BEGIN EXERCISE MATERIALS

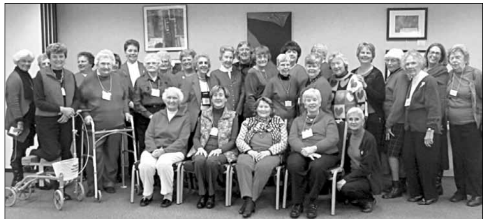
Members of the Woman's Club of Westminster all dressed in red for Heart Health Month in February 2013.

We received a $50 membership grant from GFWC and are excited to use it as part of our "GFWC—Girl Friends Wine Club." We wanted to find a way for our members and friends to have a relaxing evening together to discuss many other topics that affect us. We often have so much business to conduct at a meeting that we lose site of other matters around us that
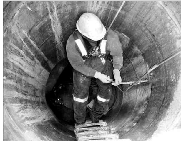
Manhole joint injection.

Water Quality Association has tested Azo-Grout 675 in accordance with the National Sanitation Federation (NSF) standard 61 and has approved this material for contact with potable water.
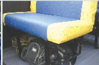
Convenient under seat storage
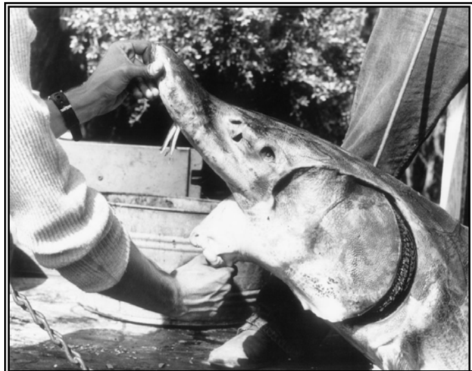
Note the whisker like sensory barbels and the biologist’s thumb is in the extensible, sucking mouth of the sturgeon.

Gulf sturgeon spawn in several panhandle rivers as well as the Suwannee. In the Apalachicola River, since the mid 1950s, the Jim Woodruff Lock and Dam and diminished water flows coming from Georgia have cut off one of the major reproductive grounds for this threatened species. The U.S. Fish and Wildlife Service recently issued a biological opinion related to operation of Federal Reservoirs by the U.S. Army Corps of Engineers to help ensure continued existence and recovery of the Apalachicola River sturgeon. Meanwhile, the debate over how much water is released into the Apalachicola River from upstream is the subject of continuing lawsuits and negotiations between Alabama, Georgia and Florida. Populations appear to be increasing in the Suwannee and Choctawhatchee Rivers, with the Apalachicola River population appearing to have a more cyclical increase and decrease in year classes, perhaps related to the dam’s water release schedule and water flow rates.
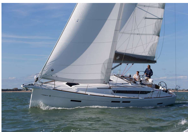
JEANNEAU SUN ODYSSEY 419
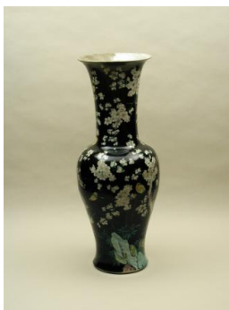
Title: Vase Date: probably 19th century Primary Maker: Chinese, Qing Dynasty (1644-1911) Medium: Famille noire porcelain Dimensions: 27 x 10 1/2 in. (68.6 x 26.7 cm)
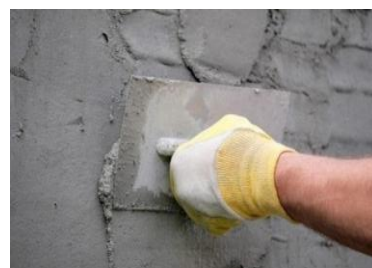
Fig 1.2 Finishing Mortar

Finishing mortar is used for pointing and plastering works. For general type of plastering cement or lime mortar is used. Finishing mortar is also used for architectural effects of building to give aesthetic appearances. The mortar secondhand for ornamental finishing's must take great strength, flexibility and resistance against atmospheric action like rain, wind, etc.
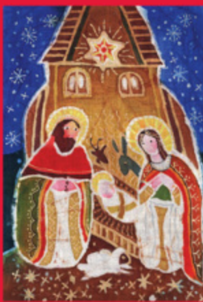
2008 Christmas Joy Offering

A Presbyterian tradition for almost seventy years, the Christmas Joy Offering is one of the four special offerings designated by the General Assembly of the Presbyterian Church (U.S.A.) to provide congregations direct ways of supporting specific causes that help those in need.

END EXERCISE MATERIALS

◆ TASK GOAL: Could the stretch from the line with "Manhole joint injection." through the line with "Note the whisker" in the listing above be restated word for word, minus the pictures?

◆ TASK OUTPUT:
Manhole joint injection.

Water Quality Association has tested Azo-Grout 675 in accordance with the National Sanitation Federation (NSF) standard 61 and has approved this material for contact with potable water.
Convenient under seat storage
Note the whisker like sensory barbels and the biologist’s thumb is in the extensible, sucking mouth of the sturgeon.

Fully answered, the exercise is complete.